**GIVEN ENTRIES**
------------------------------------------------------------------------

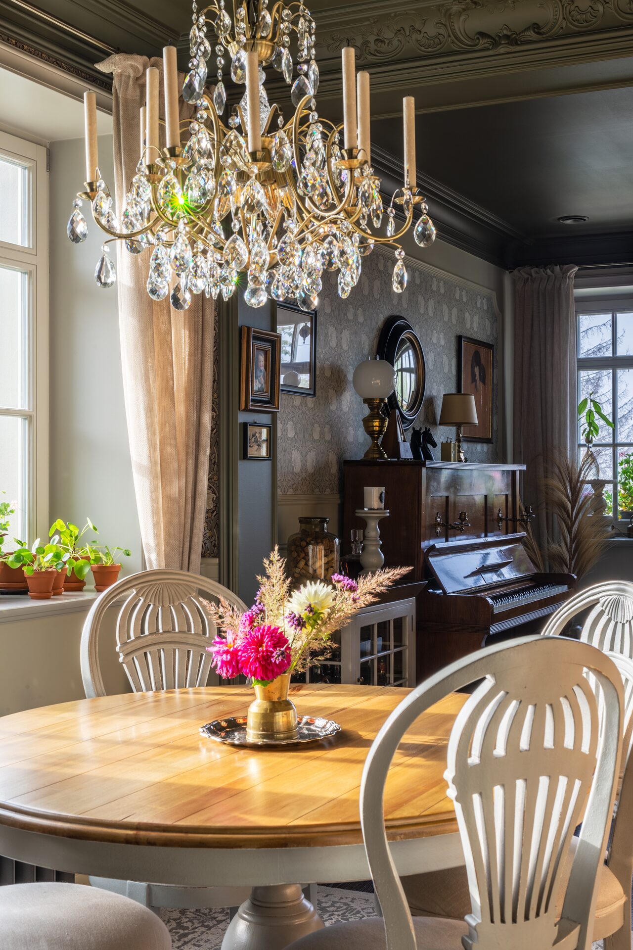 Zbyt wiele mnie zachwyca i ciężko jest się zdecydować na konkretne rozwiązania. Pomyślałam wówczas, że świetnie było by posiadać kilka nieruchomości w różnych lokalizacjach i stylach wnętrz nawiązujących do otoczenia. Mój pierwszy podmiejski dom charakteryzował się minimalistyczną bryłą, a wnętrza były typowo skandynawskie. Jednak po kilku latach dotarło do mnie, że kocham Vintage i znacznie lepiej odnajduję się w mniejszych przestrzeniach, we wnętrzach mocno wypełnionych meblami, tapetami, w ciemnych tonacjach kolorystycznych.
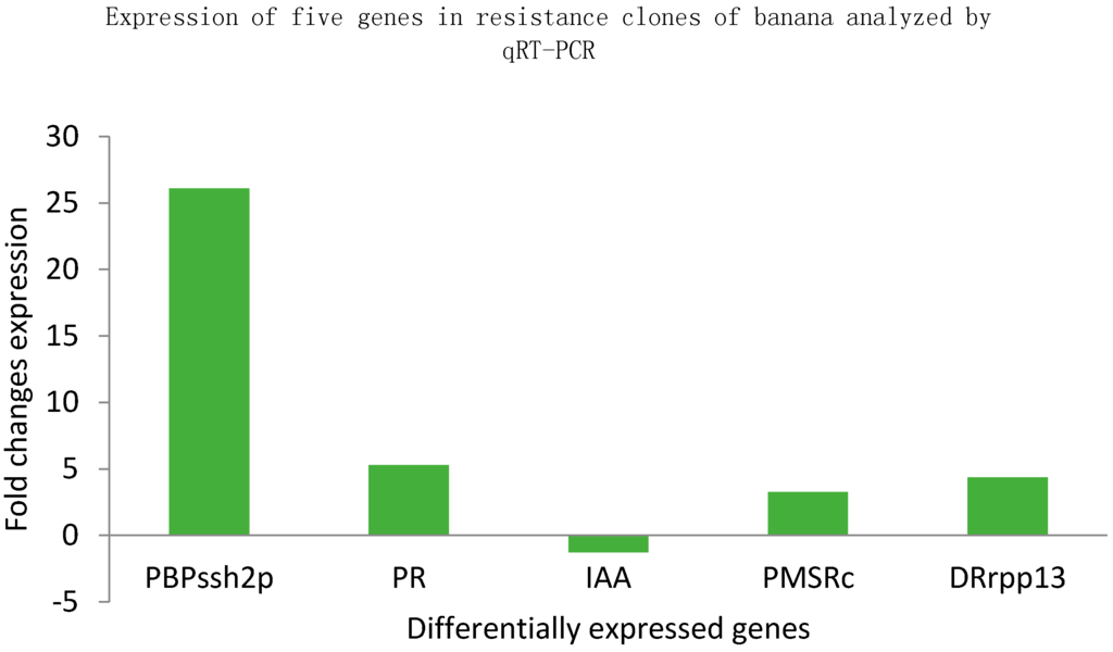 The qRT-PCR amplification of PR, DRrpp13, PMSRc, and PBPssh2p genes showed an increase in fold change expression. In contrast, the IAA gene showed a decreased fold change expression in resistant clones, as shown in Figure 4. The qRT-PCR experiment also highlighted that the gene PBPssh2p was significantly up-regulated with a 26.11 fold change and the gene IAA was down-regulated to a −1.27 fold change in Fusarium inoculated resistant clones as compared to susceptible clones.
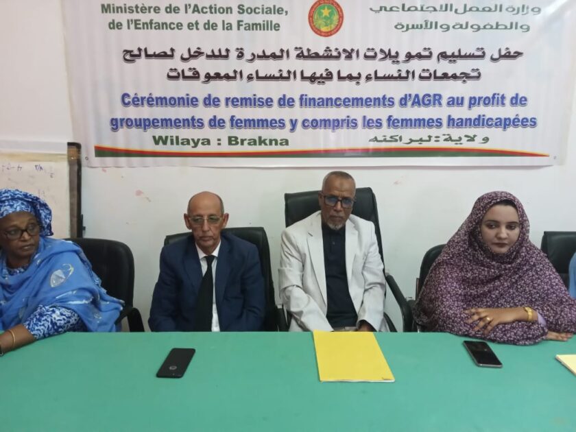 Le wali mouçaid du Brakna, M. Mohamed Abdel Vettah Ould Ahmed, a supervisé, mercredi, dans les locaux de la direction régionale du ministère de l’Action Sociale, de l’Enfance et de la Famille dans la ville d’Aleg, la cérémonie de remise des fonds pour financer les activités génératrices de revenus (AGR) au profit des groupements féminins, y compris les femmes handicapées, financement consenti par le ministère de l’Action Sociale, de l’Enfance et de la Famille.
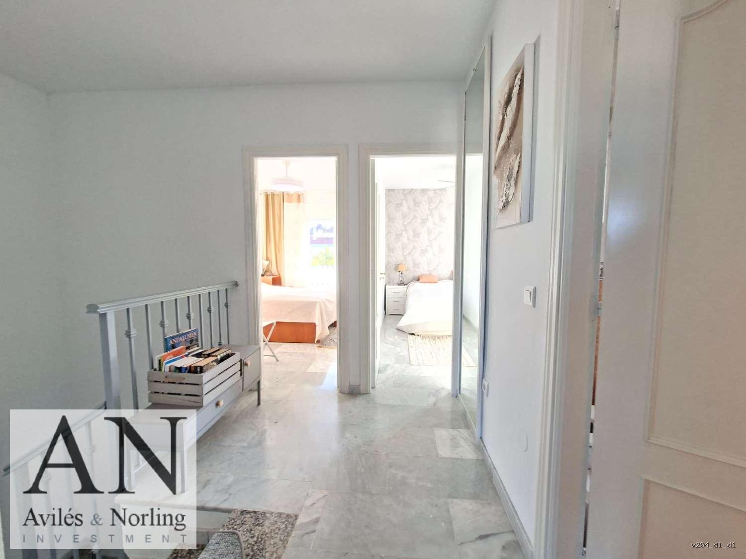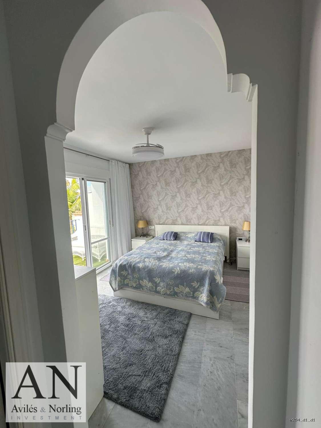 Esta encantadora casa en Mesquitilla / Algarrobo Costa ofrece un estilo de vida mediterráneo privilegiado, con impresionantes vistas al mar y la comodidad de estar a muy poca distancia de la playa. Se encuentra en una zona residencial tranquila, dentro de una urbanización cerrada con amplias zonas comunes y una gran piscina. Su ubicación es ideal tanto para quienes buscan vivienda habitual como para quienes desean invertir en un inmueble con excelente potencial para alquiler vacacional.
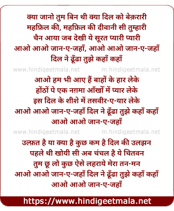 Lyrics of Aao Aao Jaan-E-Jahan Kya Jano - आओ आओ जान-ए-जहाँ क्या जानो
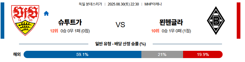 슈투트가르트 대 글라트바흐 분데스리가 08월30일 맞대결 생중계, 스포츠중계, 스포츠분석
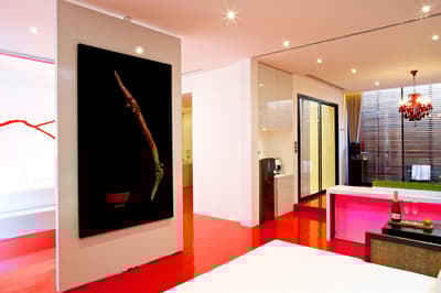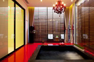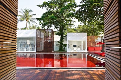 Voici certainement une des adresses les plus trendy de tout Chaweng Beach ! Vous profitez de votre séjour au Library comme on dévore un bon bouquin. Et il y a de quoi faire sur place : les étagères de la bibliothèque comptent 1 400 livres. Rien de tel pour être à la page… The Library est un boutique hotel hyper design, dans lequel vous profitez d’une piscine non pas bleue mais bien rouge écarlate ! Le fond du bassin a été recouvert d’une mosaïque orange, jaune et rouge. Après votre baignade, vous pourrez poster sur les réseaux sociaux vos doigts de pied en éventail, confortablement installé sur votre épais matelas tourné face à la mer. Et si l’angle ne vous convient pas, les gros poufs sur la plage juste en face vous attendent ! Vous rejoignez ensuite votre chambre en traversant le superbe jardin de l’hôtel grâce à une immense allée en bois. Avez-vous remarqué les nombreuses statues blanches représentant quelqu’un en train de lire ? Entre 17h00 et 19h00, rendez-vous à l’Happy Hour organisé au bar de la plage. Les pieds dans le sable, il va falloir choisir parmi une liste de 101 cocktails. Pensez à accompagner votre apéritif de quelques délicieuses tapas originales, à l’image du cheeseburger spring roll ou du Tomm Yum Rum… Le tout arrosé de musique live !
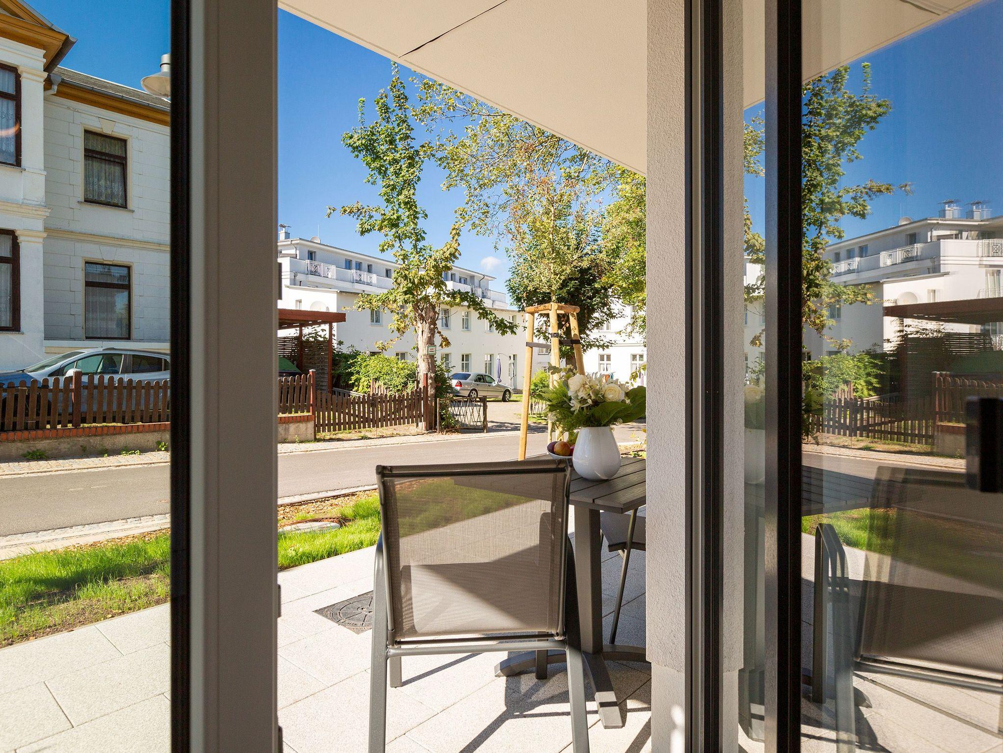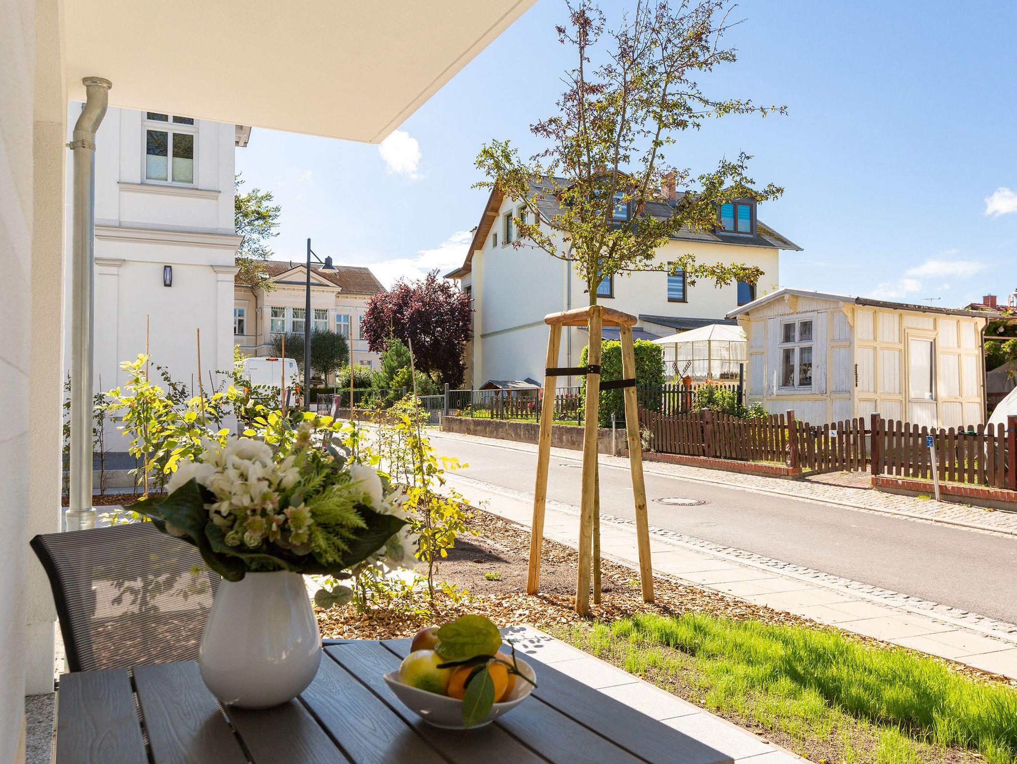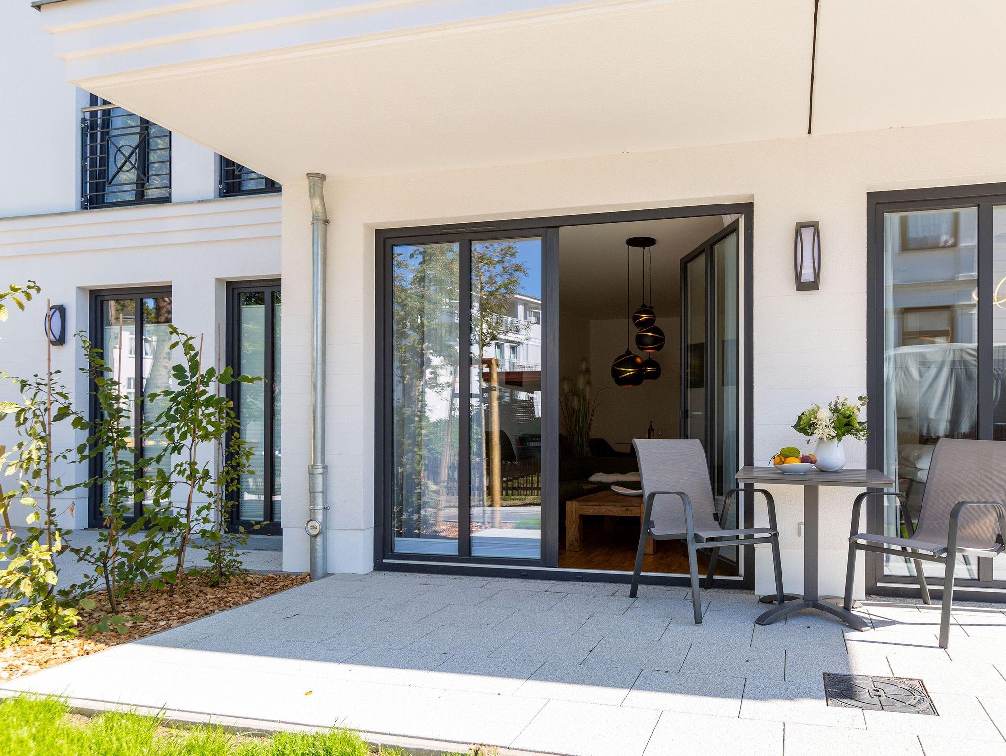 Stilvolles 2-Zimmer-Appartement mit Terrasse, Sauna und Kamin im Herzen von Ahlbeck, nur 300 m vom Strand entfernt.
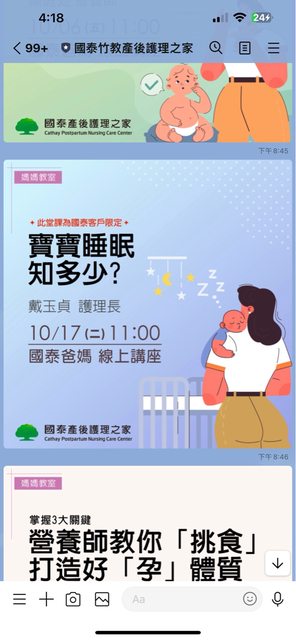 (6)有非常多產後的衛教課程,(live線上課),衛教真心很強,沒空看書沒關係,離
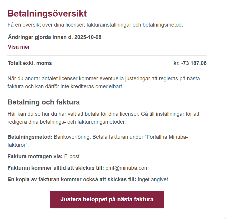 När du lägger till licenser i ditt Minuba-avtal skapas automatiskt en faktura som ligger klar för betalning.
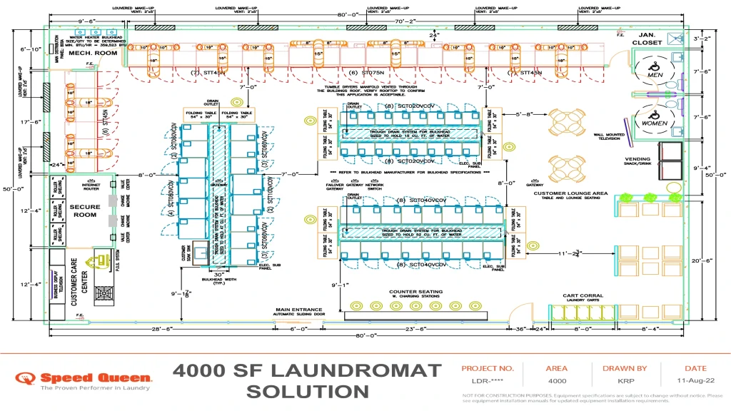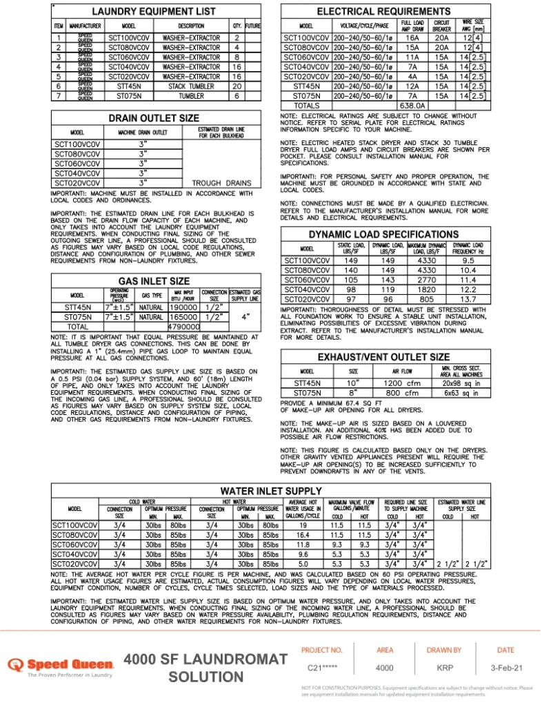 Details make the difference, and our Construction Drawing will assist any architect, engineer or design/build professional in preparing permits and drawings quickly and accurately. This package includes four paper copies that detail such information as equipment elevations, foundation specifications, and utility requirements for the laundry equipment to be installed. These files can also be emailed in .pdf, .dwg or .dxf file formats. With this information in hand, your architect or design professional can reduce their turnaround time significantly, which, in turn, saves you time and money.

------------------------------------------------------------------------

**PROBLEM DESCRIPTION**
Please print every record exactly as written, without the pictures.

**ANSWER BOX**
 Zbyt wiele mnie zachwyca i ciężko jest się zdecydować na konkretne rozwiązania. Pomyślałam wówczas, że świetnie było by posiadać kilka nieruchomości w różnych lokalizacjach i stylach wnętrz nawiązujących do otoczenia. Mój pierwszy podmiejski dom charakteryzował się minimalistyczną bryłą, a wnętrza były typowo skandynawskie. Jednak po kilku latach dotarło do mnie, że kocham Vintage i znacznie lepiej odnajduję się w mniejszych przestrzeniach, we wnętrzach mocno wypełnionych meblami, tapetami, w ciemnych tonacjach kolorystycznych.
 The qRT-PCR amplification of PR, DRrpp13, PMSRc, and PBPssh2p genes showed an increase in fold change expression. In contrast, the IAA gene showed a decreased fold change expression in resistant clones, as shown in Figure 4. The qRT-PCR experiment also highlighted that the gene PBPssh2p was significantly up-regulated with a 26.11 fold change and the gene IAA was down-regulated to a −1.27 fold change in Fusarium inoculated resistant clones as compared to susceptible clones.
 Le wali mouçaid du Brakna, M. Mohamed Abdel Vettah Ould Ahmed, a supervisé, mercredi, dans les locaux de la direction régionale du ministère de l’Action Sociale, de l’Enfance et de la Famille dans la ville d’Aleg, la cérémonie de remise des fonds pour financer les activités génératrices de revenus (AGR) au profit des groupements féminins, y compris les femmes handicapées, financement consenti par le ministère de l’Action Sociale, de l’Enfance et de la Famille.
 Esta encantadora casa en Mesquitilla / Algarrobo Costa ofrece un estilo de vida mediterráneo privilegiado, con impresionantes vistas al mar y la comodidad de estar a muy poca distancia de la playa. Se encuentra en una zona residencial tranquila, dentro de una urbanización cerrada con amplias zonas comunes y una gran piscina. Su ubicación es ideal tanto para quienes buscan vivienda habitual como para quienes desean invertir en un inmueble con excelente potencial para alquiler vacacional.
 Lyrics of Aao Aao Jaan-E-Jahan Kya Jano - आओ आओ जान-ए-जहाँ क्या जानो
 슈투트가르트 대 글라트바흐 분데스리가 08월30일 맞대결 생중계, 스포츠중계, 스포츠분석
 Voici certainement une des adresses les plus trendy de tout Chaweng Beach ! Vous profitez de votre séjour au Library comme on dévore un bon bouquin. Et il y a de quoi faire sur place : les étagères de la bibliothèque comptent 1 400 livres. Rien de tel pour être à la page… The Library est un boutique hotel hyper design, dans lequel vous profitez d’une piscine non pas bleue mais bien rouge écarlate ! Le fond du bassin a été recouvert d’une mosaïque orange, jaune et rouge. Après votre baignade, vous pourrez poster sur les réseaux sociaux vos doigts de pied en éventail, confortablement installé sur votre épais matelas tourné face à la mer. Et si l’angle ne vous convient pas, les gros poufs sur la plage juste en face vous attendent ! Vous rejoignez ensuite votre chambre en traversant le superbe jardin de l’hôtel grâce à une immense allée en bois. Avez-vous remarqué les nombreuses statues blanches représentant quelqu’un en train de lire ? Entre 17h00 et 19h00, rendez-vous à l’Happy Hour organisé au bar de la plage. Les pieds dans le sable, il va falloir choisir parmi une liste de 101 cocktails. Pensez à accompagner votre apéritif de quelques délicieuses tapas originales, à l’image du cheeseburger spring roll ou du Tomm Yum Rum… Le tout arrosé de musique live !
 Stilvolles 2-Zimmer-Appartement mit Terrasse, Sauna und Kamin im Herzen von Ahlbeck, nur 300 m vom Strand entfernt.
 (6)有非常多產後的衛教課程,(live線上課),衛教真心很強,沒空看書沒關係,離
 När du lägger till licenser i ditt Minuba-avtal skapas automatiskt en faktura som ligger klar för betalning.
 Details make the difference, and our Construction Drawing will assist any architect, engineer or design/build professional in preparing permits and drawings quickly and accurately. This package includes four paper copies that detail such information as equipment elevations, foundation specifications, and utility requirements for the laundry equipment to be installed. These files can also be emailed in .pdf, .dwg or .dxf file formats. With this information in hand, your architect or design professional can reduce their turnaround time significantly, which, in turn, saves you time and money.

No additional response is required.